Transit in Crisis: Who Should Pay for Upgrades – Riders, or Taxpayers?
August 10, 2017|
August 9, 2017
New York Governor Andrew Cuomo and Mayor Bill De Blasio have spent the past three years of playing the blame game on who should fund essential upgrades to the New York City subway system (MTA). Now that the state of the infrastructure can’t be ignored, one of them has stepped up to answer MTA Chairman Joe Lhota’s call for $800 million in emergency funding.
Mayor De Blasio answered the question of where (more than) the City’s share of the $800 million will come from on Sunday: he is calling on New York City’s wealthiest residents to ante up to pay for both the capital and operating funds requested by Lhota, and fare subsidies for low income riders. The Mayor’s proposal increases the city income tax rate by one half a percentage point for individuals earning more than $500 thousand per year and joint filers earning over $1 million, which would add an estimated $800 million per year to New York City general funds. Two thirds of the funds would be allotted to MTA maintenance and one third to providing half-priced metro cards to people whose incomes fall below the national poverty line.

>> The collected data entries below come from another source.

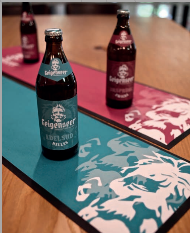
Photo-realistic bar runners - small mat - big message.

Subli-Mat Bar combines functionality with brand visibility – making it the perfect mat for bars, beverage stations or branded drink promotions. With CMYK sublimation printing, your brand message or signature product is displayed in razor-sharp quality. Its fine polyester surface absorbs light spills and splashes, and the mat is washable, flat, PVC-free and durable – ideal for everyday use in hospitality environments. Minimum order: 25 pieces.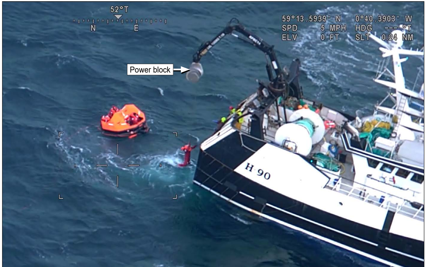
Figure 2: Power block recovery of the second crew member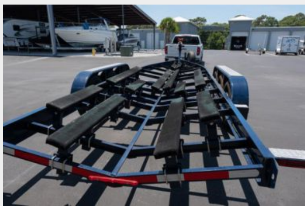
Loadmaster trailer view 5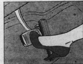
Power brakes for easier stops

with POWER BRAKES, AUTOMATIC WINDOW and SEAT CONTROLS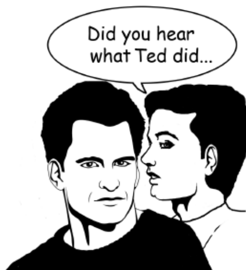
Gossip has no place in the new life Christ gives us.

4. Guard your tongue. Be edifying (positive) in speech (Ephesians 4:29). Words are powerful tools. Words can be a great blessing. But Paul warns against corrupt talk. The Greek word for corrupt also means rotten. Rottenness, swearing, and gossip have no place in our speech. A Christian’s speech should always be encouraging.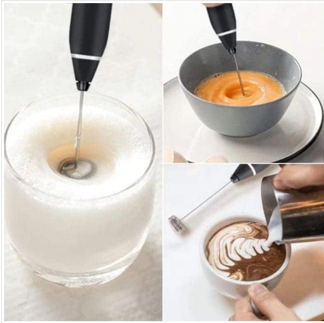
Image 5.2: A collage showing the frother in action: creating foam in a glass of milk, whisking eggs in a bowl, and assisting in pouring latte art, illustrating its practical applications.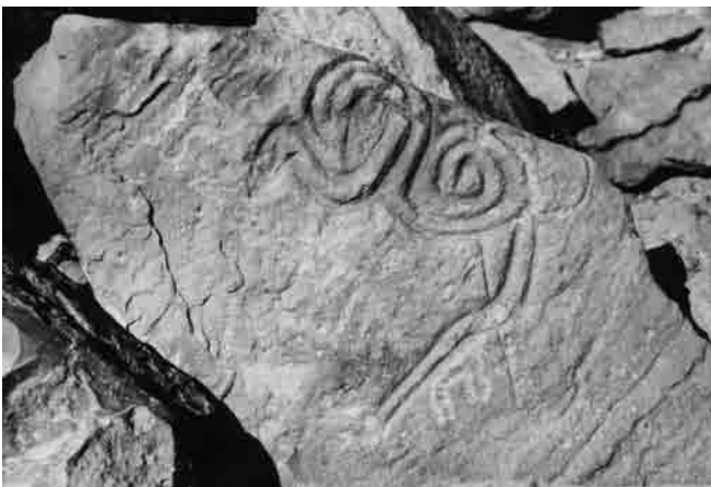
Fig. 3. A snake figure carved on a horizontal stone face, a component of the early Neolithic burial monument in wadi Ti-n-Iblal.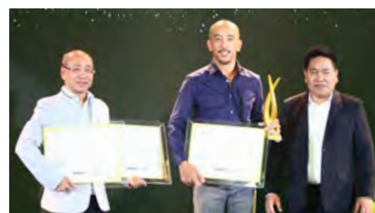
Best High End Condo Architectural Design ALVEO LAND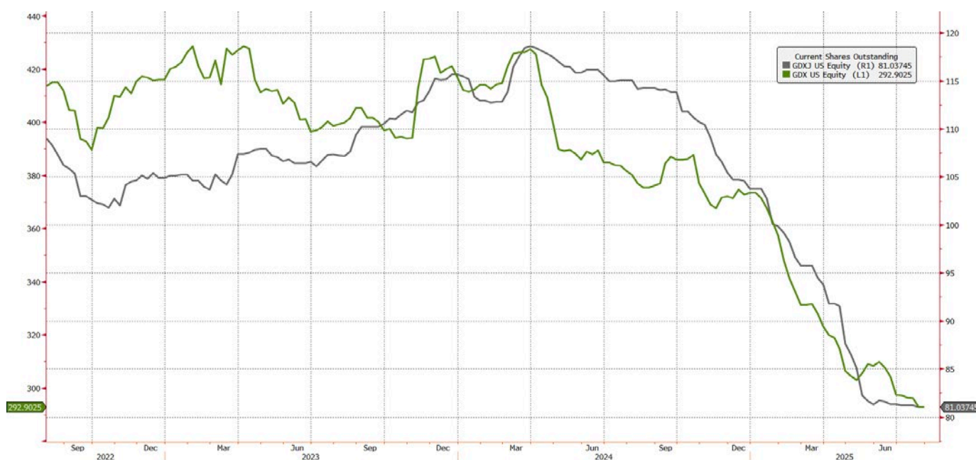
Figure 3. Shares Outstanding for GDX and GDXJ Continue to Decline Despite Stronger Fundamentals

Data as of July 29, 2025.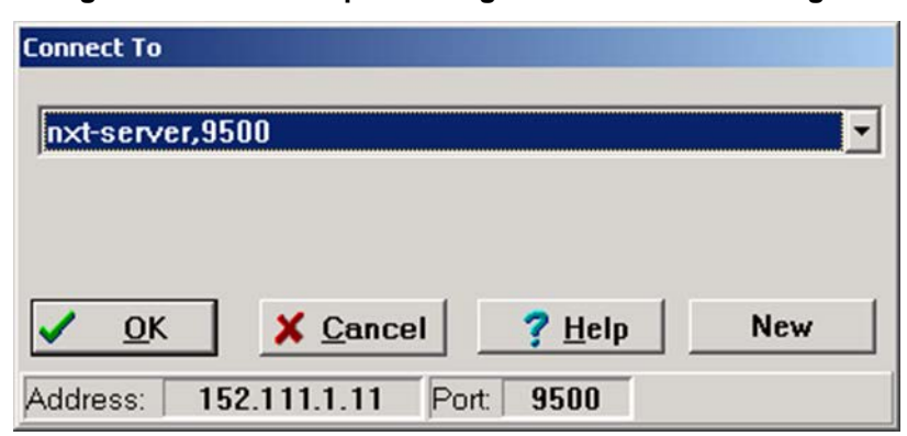
Figure 7: Server and port configuration selection dialogue

If there is more than one server/port to choose from, GetServerInfo displays dialogue that allows users to select a service to connect to, as shown in <u>Figure 7</u>: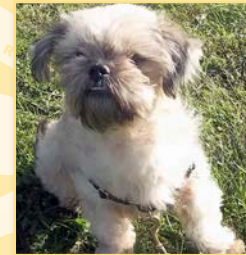
Chi Chi - NECC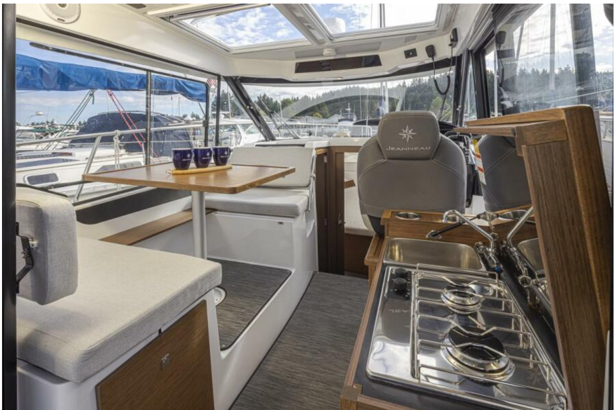
Salon & Galley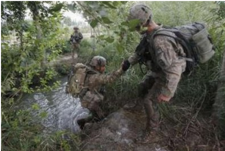
Soldiers with the US Army's 4th Brigade Combat Team during an early morning patrol in the village of Kuhak in Arghandab District, north of Kandahar July 9, 2010.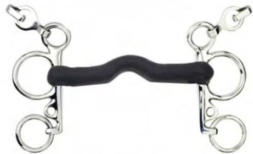
V-1136 SNAFFLES RING & BITS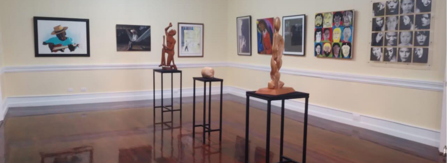
Museum of Belizean Art (MOBA) set to open 17 April 2024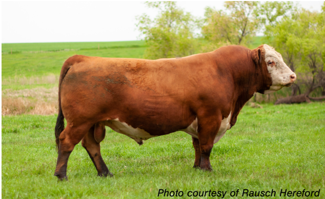
Bull: CLOVER Herf 642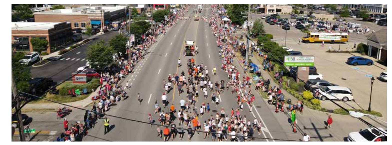
Best Neighborhood or Organization - Sponsored by the Anderson Towne Center - Anderson Wildcats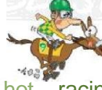
hot air racing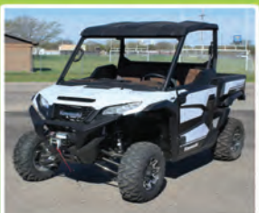
2024 Kawasaki Ridge Ranch Edition $21,879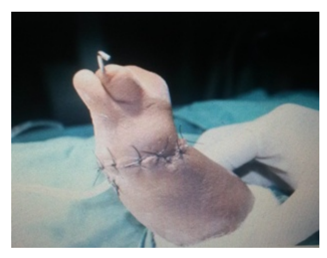
Figure 4. Post operative correction of medial deviation of the left hand.

nized congenital deformity characterized by hypoplasia of the bones and soft tissues on the radial aspect of the forearm and hand [1-3]. Above features are also typical to our patients.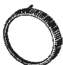
Y92S-28 Time Setting B

De Blasio estimates that the tax increase would hit 32,000 people but that the reduced-price fare cards could benefit 800,000 people and the benefits of more reliable subway service would benefit everyone in the city.
Others believe that the system users should be responsible for funding necessary maintenance upgrades. David Levinson, a professor at the University of Sydney School of Engineering, made the case for treating transit as a utility and taking steps to balance the budget through competitive tendering, across the board increases in fares, encouraging monthly passes, paring down routes, employing land value capture, accruing private equity, and encouraging local funding. If transit is a utility, and not a public good, then each user should be paying for their own consumption, leading to higher fares across the board and less reliance on general funds.

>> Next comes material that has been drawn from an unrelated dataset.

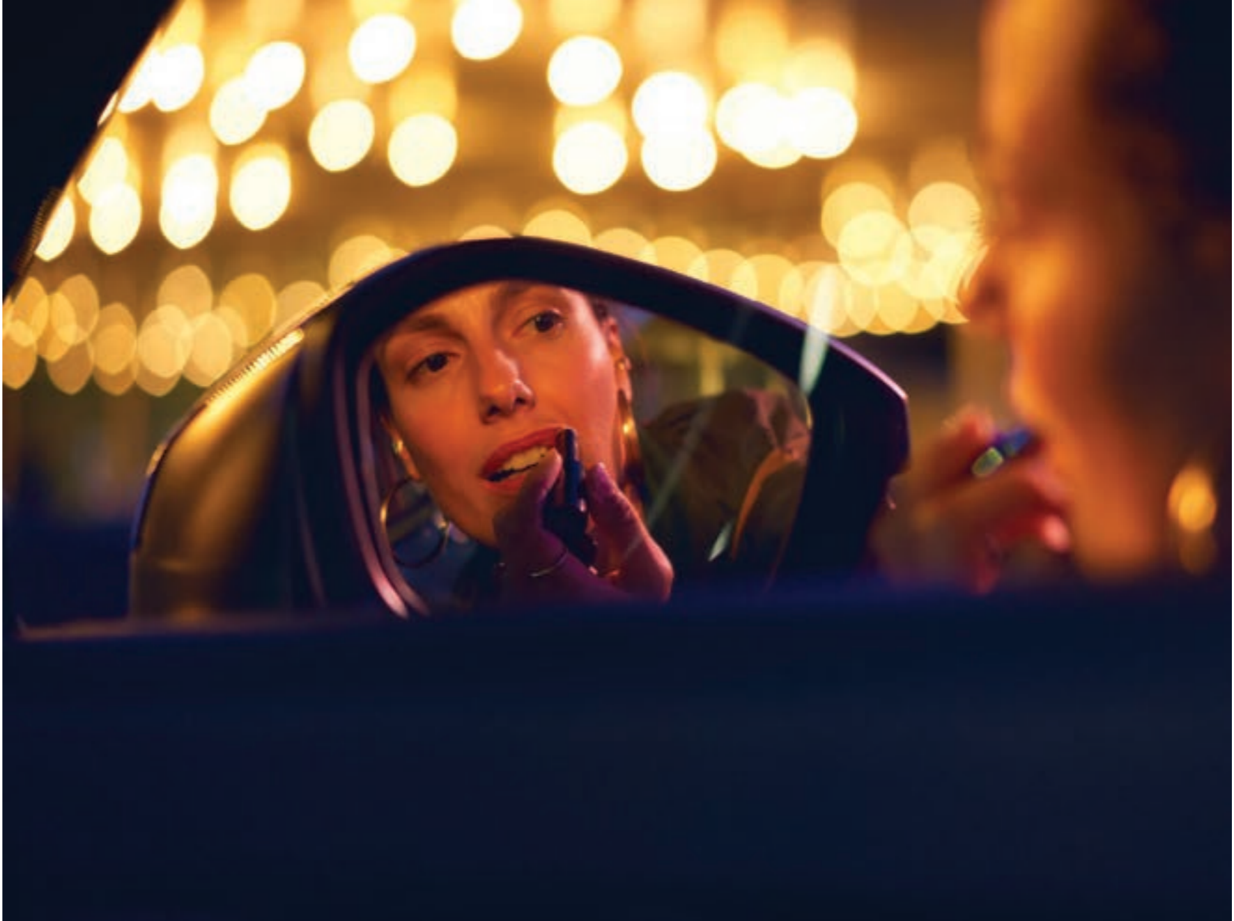
The Honda Civic

“In principle,” say Levinson in a recent report, “a public good is something that people cannot be prevented from using, and that does not get worse the more people it serves. In reality, transit is more like a club good, since we charge users all the time. In fact, it would be technically fairly easy to charge users more.”

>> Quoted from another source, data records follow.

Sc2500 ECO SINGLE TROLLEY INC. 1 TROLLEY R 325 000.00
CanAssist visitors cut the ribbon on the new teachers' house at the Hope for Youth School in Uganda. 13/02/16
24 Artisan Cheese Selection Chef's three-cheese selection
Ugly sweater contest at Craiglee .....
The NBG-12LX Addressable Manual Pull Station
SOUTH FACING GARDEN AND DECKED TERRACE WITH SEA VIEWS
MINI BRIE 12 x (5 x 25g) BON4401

Levinson also supports subsidizing transit fares for low-income riders, but in general supports shifting higher fares towards suburban users: “Since the routes serving low-income travelers are often profitable (fares cover operating costs), it is that long-distance, inefficient suburban routes are very heavily subsidized by profitable or near-profitable urban routes.”
New York City Transit carries approximately 2.6 billion trips each year. To raise the $800 million from users only, MTA would need to increase subway fares by more than 30 cents per trip, on average. While that might not sound like much, MTA has increased fares several times in the past few years, up to $2.75 per ride in 2017 from $2.00 in 2008. A new 30 cent fare increase for someone who commutes twice daily would add up to more than $200 in additional costs over a year. New York already has one of the fastest growing costs of living, making such a move politically unpopular.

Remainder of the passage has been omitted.